• _Problem details_
Line by line, print the records exactly, and keep images out of the copy.

· · · · · · ·

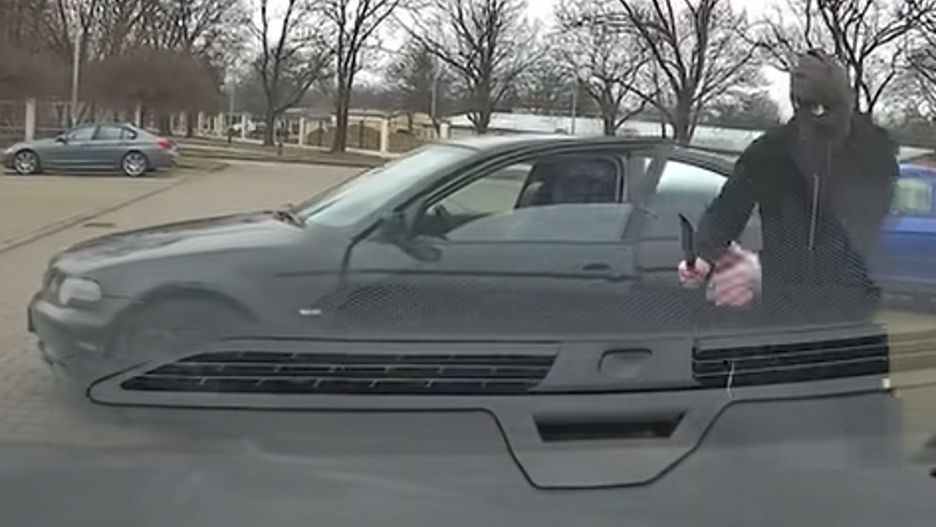 Po starciu autor nagrania kontynuował jazdę, szukając miejsca do zaparkowania. Nagle zza innych samochodów wyłoniło się widziane wcześniej bmw. Jego kierowca wyszedł nagle zamaskowany z pojazdu, trzymając w ręku pałkę. Przerażony kierujący wraz z pasażerem niezwłocznie uciekli z miejsca incydentu.
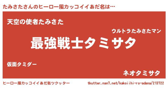 | 男性向けラノベタイトル風あだ名 | 『Re:たみさたから始める異世界生活』 |
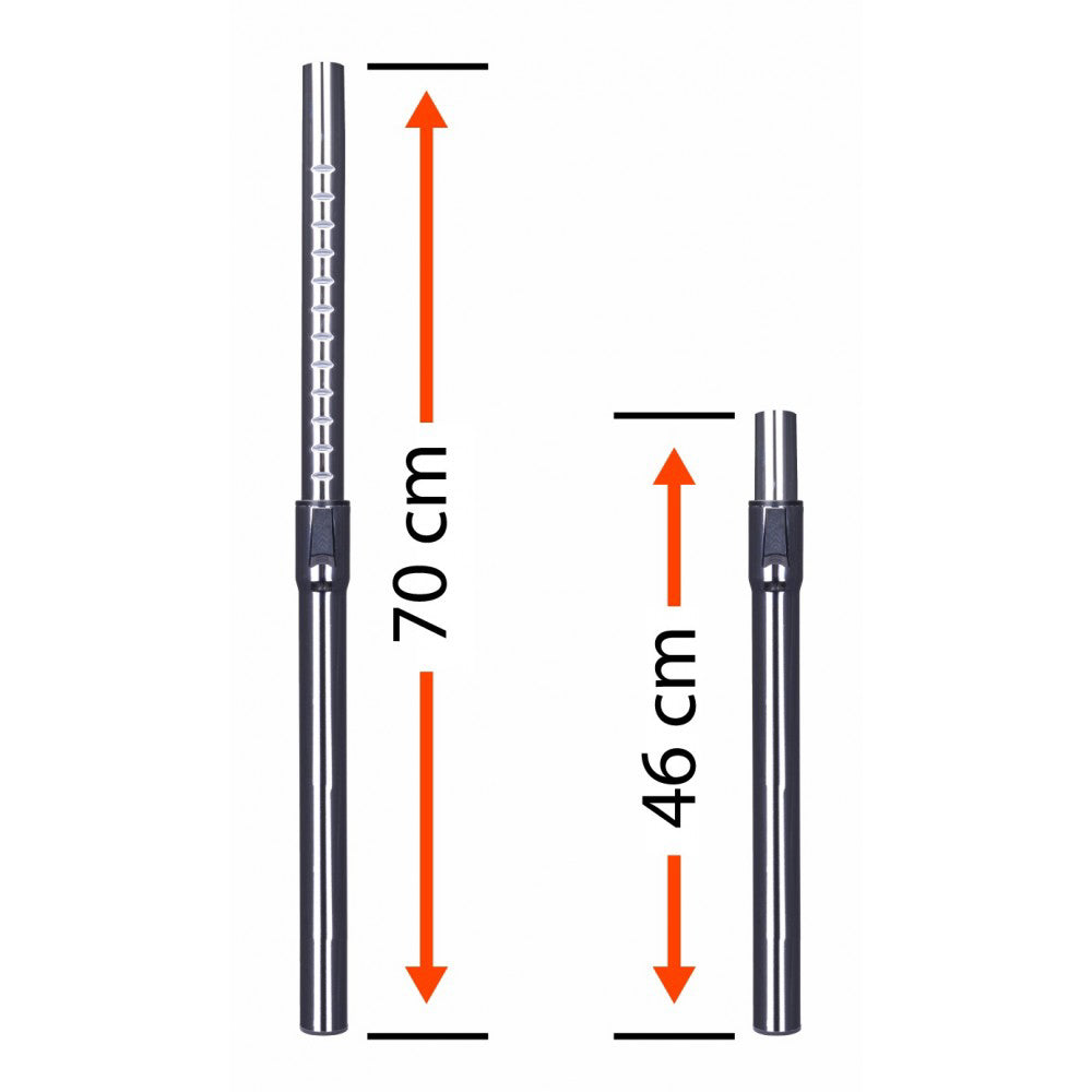 Cu ajutorul unui buton, puteti extinde tubul telescopic in 13 pozitii posibile cu o lungime totala de la 46 cm la 70 cm.
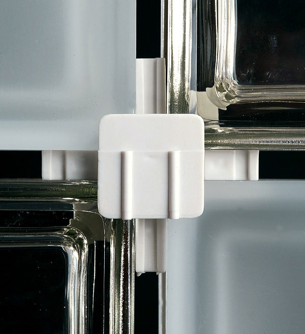 스페이서는 원하는 조인트 와벽타입 (선형 또는 곡면)에 따라 선택 할 수 있는 플라스틱 부자재입니다. 블럭사이에 위치시키면 두께가 일정하고 규칙적인 간격을 만들고 지지로드를 정렬하고 유리블럭과 접촉하지 않도록합니다.
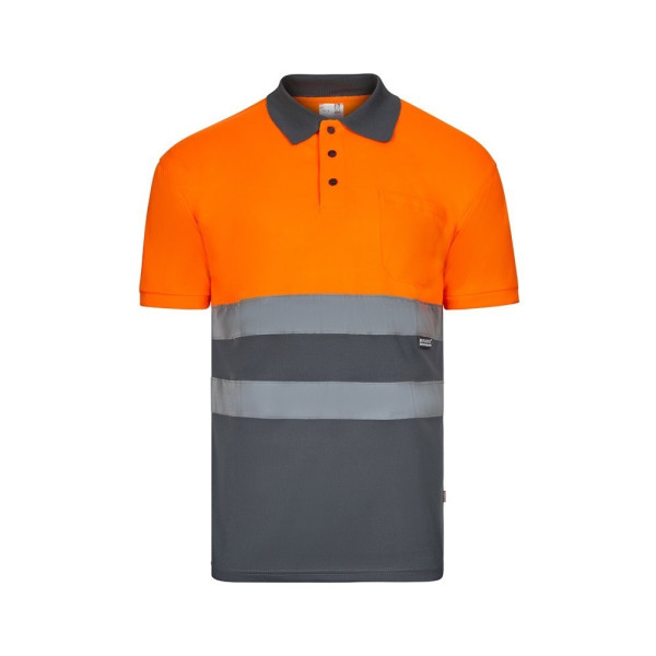 Tweekleurig bird-eye poloshirt (160g/m²) met korte mouwen, van polyester (100%). Contrasterende kleur knopen en kraag. Geribbelde kraag. Reflecterende strepen op de romp. Inclusief borstzakje. Product in overeenstemming met EU-verordening 2016/425, gecertificeerd door EN20471 en klasse Nº 1. Maat: 4XL, 5XL

· · · · · · ·

• _The answer_
 Po starciu autor nagrania kontynuował jazdę, szukając miejsca do zaparkowania. Nagle zza innych samochodów wyłoniło się widziane wcześniej bmw. Jego kierowca wyszedł nagle zamaskowany z pojazdu, trzymając w ręku pałkę. Przerażony kierujący wraz z pasażerem niezwłocznie uciekli z miejsca incydentu.
 | 男性向けラノベタイトル風あだ名 | 『Re:たみさたから始める異世界生活』 |
 Cu ajutorul unui buton, puteti extinde tubul telescopic in 13 pozitii posibile cu o lungime totala de la 46 cm la 70 cm.
 스페이서는 원하는 조인트 와벽타입 (선형 또는 곡면)에 따라 선택 할 수 있는 플라스틱 부자재입니다. 블럭사이에 위치시키면 두께가 일정하고 규칙적인 간격을 만들고 지지로드를 정렬하고 유리블럭과 접촉하지 않도록합니다.
 Tweekleurig bird-eye poloshirt (160g/m²) met korte mouwen, van polyester (100%). Contrasterende kleur knopen en kraag. Geribbelde kraag. Reflecterende strepen op de romp. Inclusief borstzakje. Product in overeenstemming met EU-verordening 2016/425, gecertificeerd door EN20471 en klasse Nº 1. Maat: 4XL, 5XL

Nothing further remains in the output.